**Work request:**
Transcribe the following records exactly, images excluded.

**Available records:**
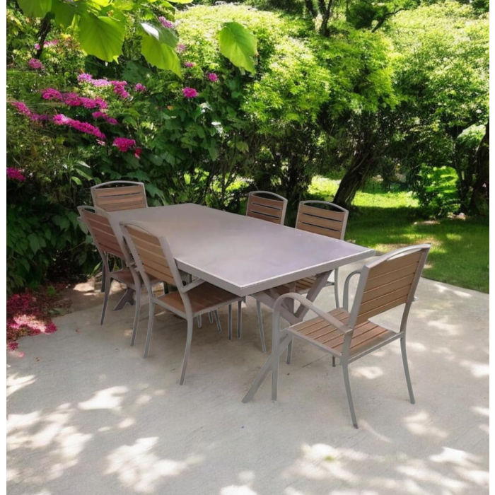 SET TAVOLO + 6 SEDIE DA ESTERNO IN ALLUMINIO TORTORA E PVC EFFETTO LEGNO NATURALE
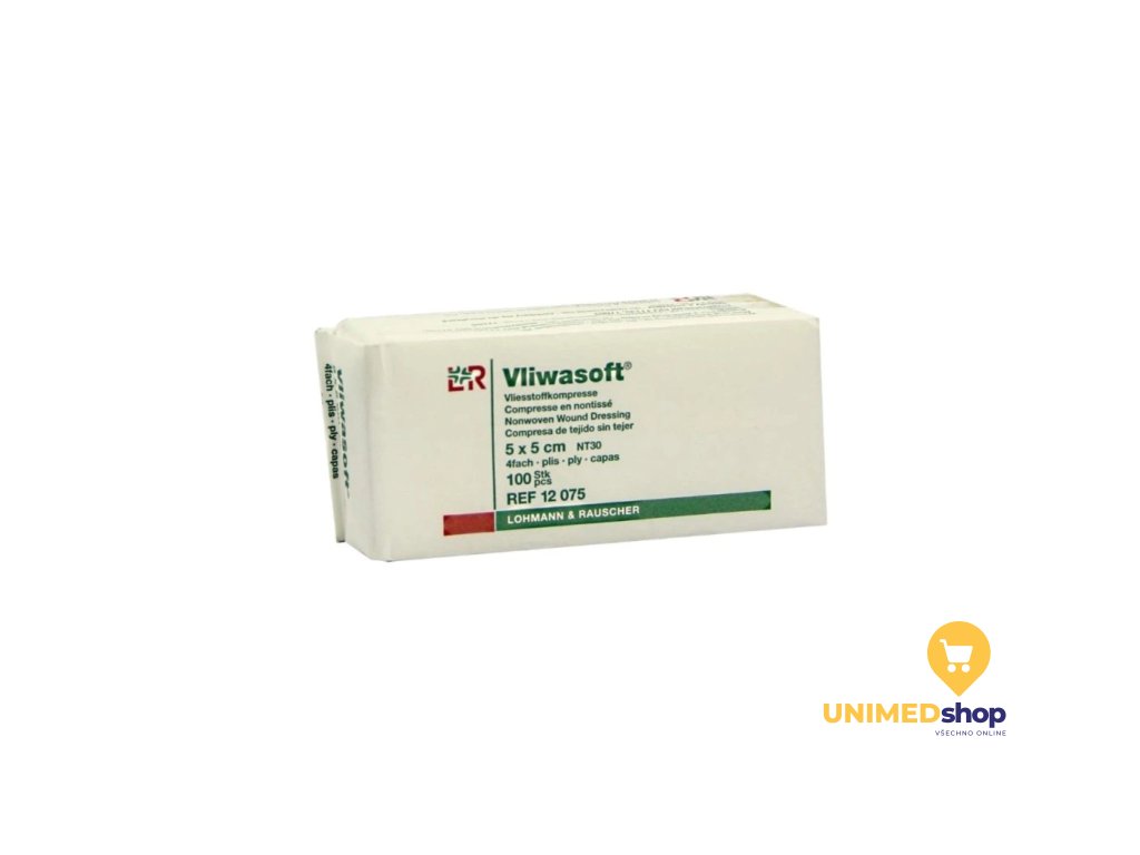 VLIWASOFT®komprese z netkané textilie nesterilní, 5cm x 5cm, 4-vrstvá, 100ks
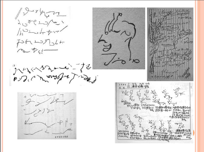 右上の符号は、有名な経済学者のシュンペーターが著書「資本主義、社会主義、 民主主義」を書く際に、執筆構想を練るために書いたメモですが、草書派と呼ば れるドイツ語の速記符号がふんだんに書かれています。
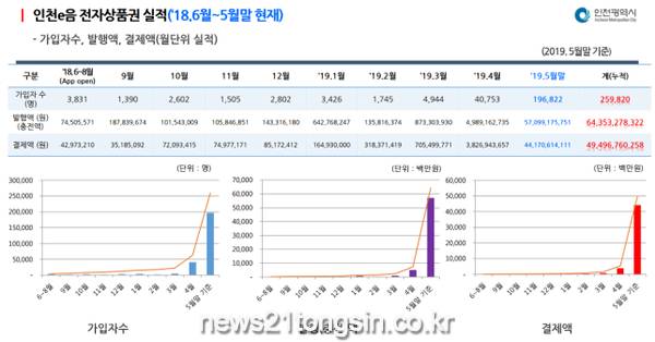 인천이(e)음의 발행액은 5월말 가입자가 259,820명, 발행액(충전액) 644억원, 결제액(사용액) 495억원으로 집계되었으며, 지난 1월부터 4월까지의 결제액과 비교하여 5월 한 달 동안의 결제액이 9배 가까이 증가하여 폭발적인 상승세를 보이고 있다. ‘미추홀이(e)음’이 7월에 발행되면, 이미 발행중인 ‘서로이(e)음’과 6월말 발행될 ‘연수이(e)음’과 더불어, 인천이(e)음의 사용율은 더욱 가속화될 것이며, 인천지역 경제에 활력을 불어넣는 견인차 역할을 톡톡히 해낼 것으로 기대하고 있다.
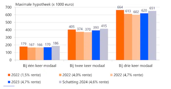 Volgend jaar kunnen huizenkopers meer lenen en dus meer bieden op een huis dan dit jaar. Dit hangt samen met de voorziene cao-loonstijging van ongeveer 6 procent, gevolgd door 4,5 procent in 2025. Het Centraal Planbureau (CPB) verwacht dat het bruto modaal inkomen dit jaar uitkomt op € 41.500 en in 2024 op € 44.000, terwijl dit in 2022 nog 39.000 euro was.
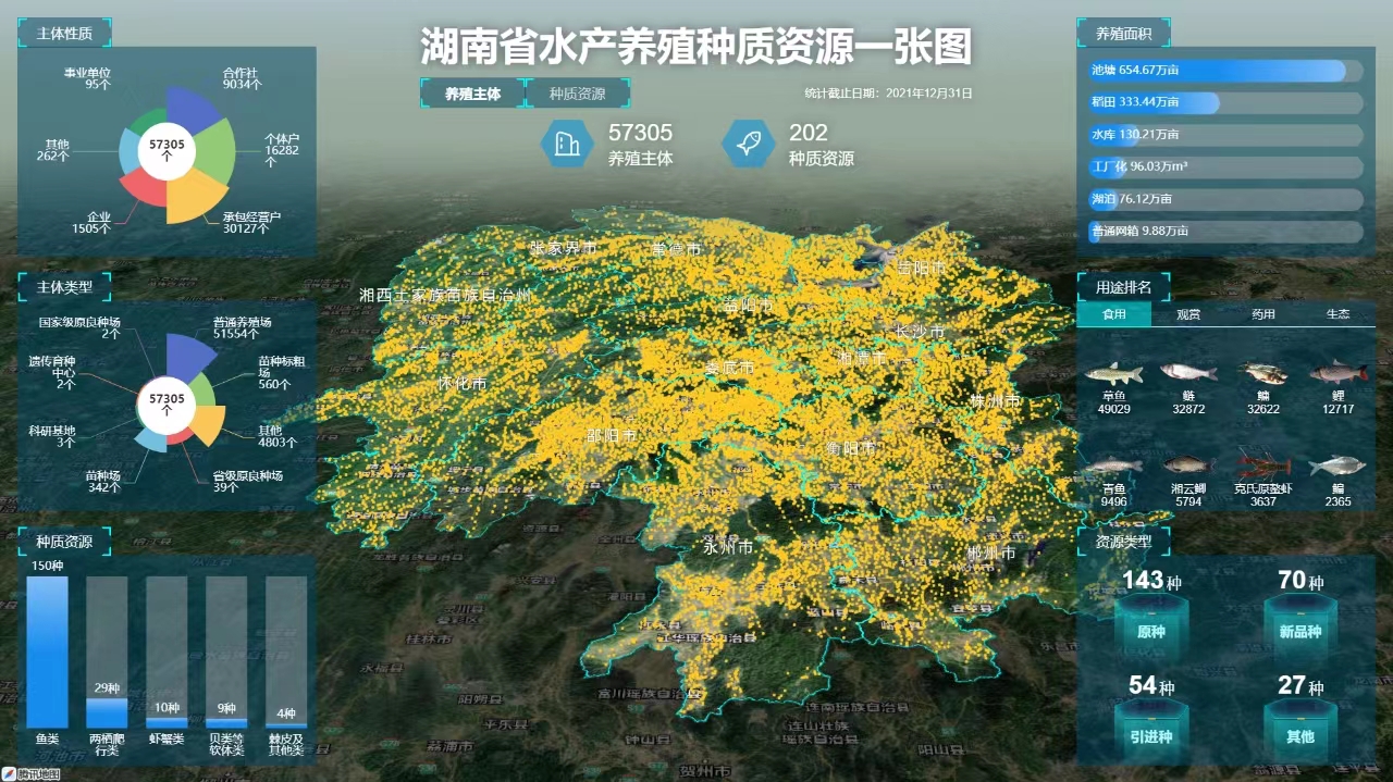 该管理平台是以湖南省第一次水产养殖种质资源普查数据为基础搭建的智能化平台,涵盖了养殖主体5.7万余个、202个品种、16.6万余条种质资源信息,绘制出全省水产养殖种质资源“一张图”,实现了省、市、县水产养殖种质资源数据的动态分析和可视化。平台主要建设了养殖资源管理、统计分析、供需管理和资讯管理等四大业务模块。平台还开发了微信小程序,不仅方便查看、更新数据,养殖户还可以发布和查询供销信息。
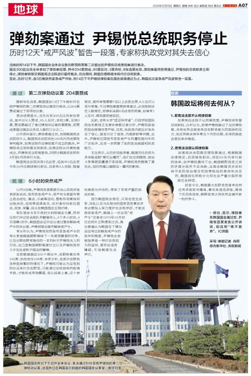 当地时间14日下午,韩国国会全体会议就在野党阵营第二次提出的尹锡悦总统弹劾案进行表决。
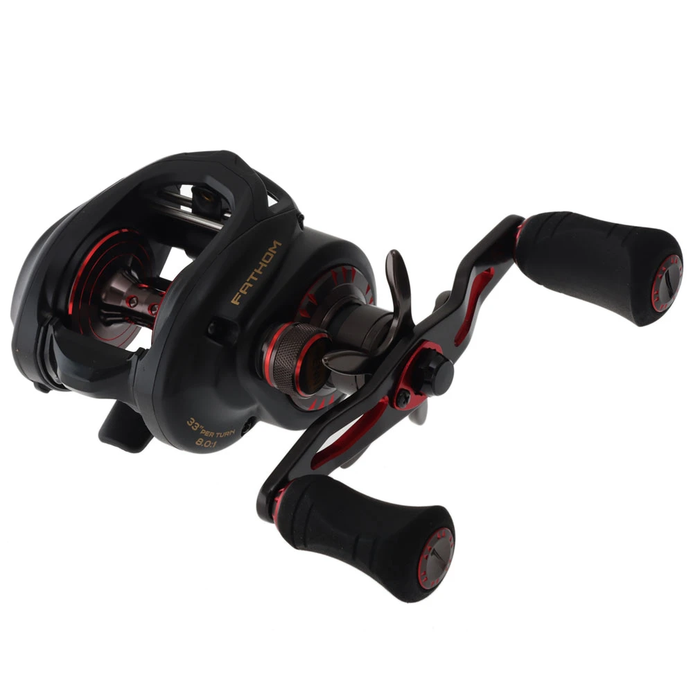 The PENN Fathom 200 Low Profile High Speed Baitcaster Reel offers all the features you need to tackle the toughest saltwater fish. The Full Metal Body and Right Side plate, matched with a brass main gear and bearing supported pinion offer a drivetrain with unparalleled power.
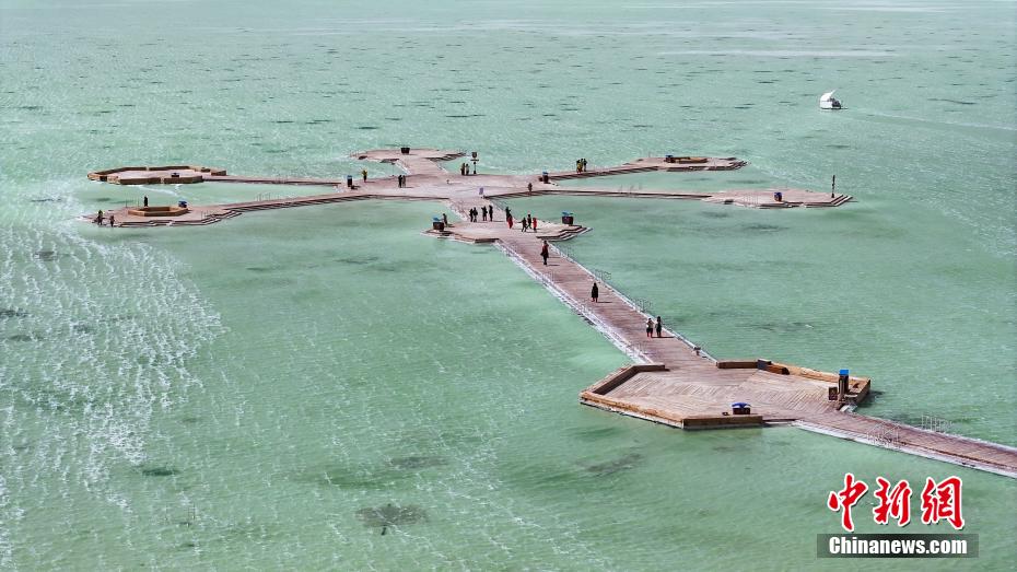 3月26日,航拍春日茶卡鹽湖景區(qū)。茶卡鹽湖位于青海省海西蒙古族藏族自治州烏蘭縣境內(nèi),被譽(yù)為“天空之鏡”,每年都會(huì)吸引大量國(guó)內(nèi)外游客參觀。(無人機(jī)照片)中新社記者 馬銘言 攝
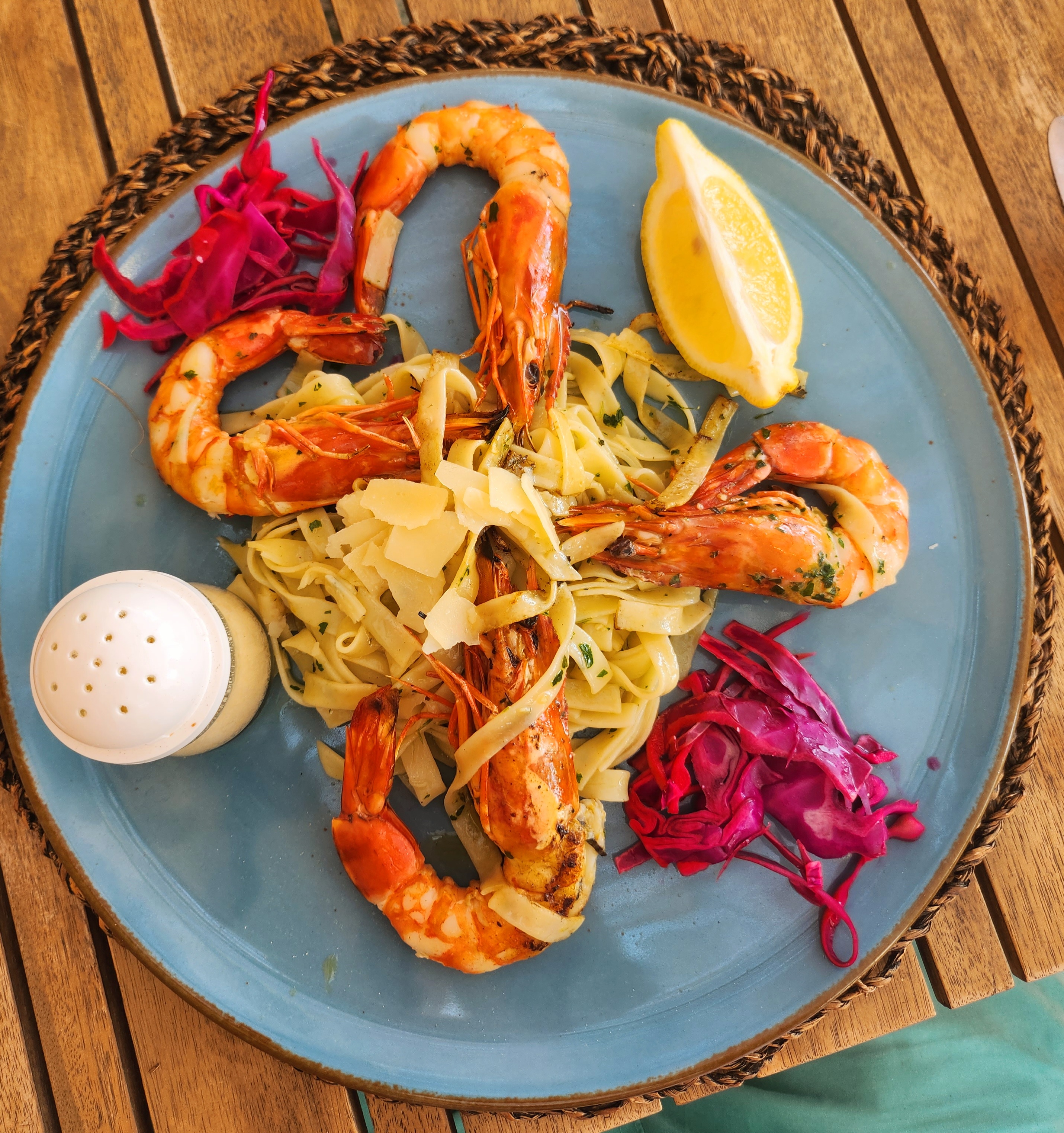 Je n'ai pas mangé ici, j'ai juste loué une chaise longue. Le personnel est très arrangeant. Un transat ne m'a coûté que 15 euros pour une journée entière. Je ne peux que recommander !
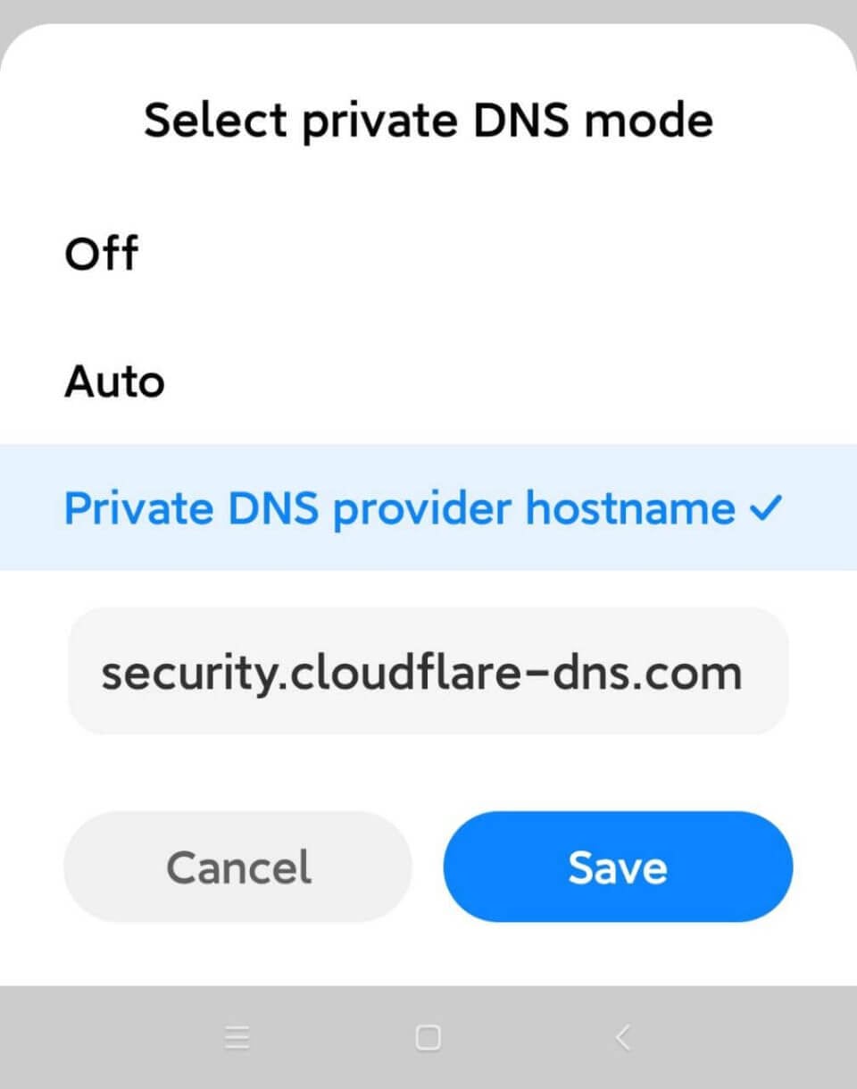 That’s the easiest and safest method to change your DNS permanently. You must be on the latest version of Android (9 or up) to do this. Then you’ll see an option for private dns, which should be off by default. Turn it on and then select private DNS provider hostname and enter the name of the DNS provider you want.

**Solved exercise:**
 SET TAVOLO + 6 SEDIE DA ESTERNO IN ALLUMINIO TORTORA E PVC EFFETTO LEGNO NATURALE
 VLIWASOFT®komprese z netkané textilie nesterilní, 5cm x 5cm, 4-vrstvá, 100ks
 右上の符号は、有名な経済学者のシュンペーターが著書「資本主義、社会主義、 民主主義」を書く際に、執筆構想を練るために書いたメモですが、草書派と呼ば れるドイツ語の速記符号がふんだんに書かれています。
 인천이(e)음의 발행액은 5월말 가입자가 259,820명, 발행액(충전액) 644억원, 결제액(사용액) 495억원으로 집계되었으며, 지난 1월부터 4월까지의 결제액과 비교하여 5월 한 달 동안의 결제액이 9배 가까이 증가하여 폭발적인 상승세를 보이고 있다. ‘미추홀이(e)음’이 7월에 발행되면, 이미 발행중인 ‘서로이(e)음’과 6월말 발행될 ‘연수이(e)음’과 더불어, 인천이(e)음의 사용율은 더욱 가속화될 것이며, 인천지역 경제에 활력을 불어넣는 견인차 역할을 톡톡히 해낼 것으로 기대하고 있다.
 Volgend jaar kunnen huizenkopers meer lenen en dus meer bieden op een huis dan dit jaar. Dit hangt samen met de voorziene cao-loonstijging van ongeveer 6 procent, gevolgd door 4,5 procent in 2025. Het Centraal Planbureau (CPB) verwacht dat het bruto modaal inkomen dit jaar uitkomt op € 41.500 en in 2024 op € 44.000, terwijl dit in 2022 nog 39.000 euro was.
 该管理平台是以湖南省第一次水产养殖种质资源普查数据为基础搭建的智能化平台,涵盖了养殖主体5.7万余个、202个品种、16.6万余条种质资源信息,绘制出全省水产养殖种质资源“一张图”,实现了省、市、县水产养殖种质资源数据的动态分析和可视化。平台主要建设了养殖资源管理、统计分析、供需管理和资讯管理等四大业务模块。平台还开发了微信小程序,不仅方便查看、更新数据,养殖户还可以发布和查询供销信息。
 当地时间14日下午,韩国国会全体会议就在野党阵营第二次提出的尹锡悦总统弹劾案进行表决。
 The PENN Fathom 200 Low Profile High Speed Baitcaster Reel offers all the features you need to tackle the toughest saltwater fish. The Full Metal Body and Right Side plate, matched with a brass main gear and bearing supported pinion offer a drivetrain with unparalleled power.
 3月26日,航拍春日茶卡鹽湖景區(qū)。茶卡鹽湖位于青海省海西蒙古族藏族自治州烏蘭縣境內(nèi),被譽(yù)為“天空之鏡”,每年都會(huì)吸引大量國(guó)內(nèi)外游客參觀。(無人機(jī)照片)中新社記者 馬銘言 攝
 Je n'ai pas mangé ici, j'ai juste loué une chaise longue. Le personnel est très arrangeant. Un transat ne m'a coûté que 15 euros pour une journée entière. Je ne peux que recommander !
 That’s the easiest and safest method to change your DNS permanently. You must be on the latest version of Android (9 or up) to do this. Then you’ll see an option for private dns, which should be off by default. Turn it on and then select private DNS provider hostname and enter the name of the DNS provider you want.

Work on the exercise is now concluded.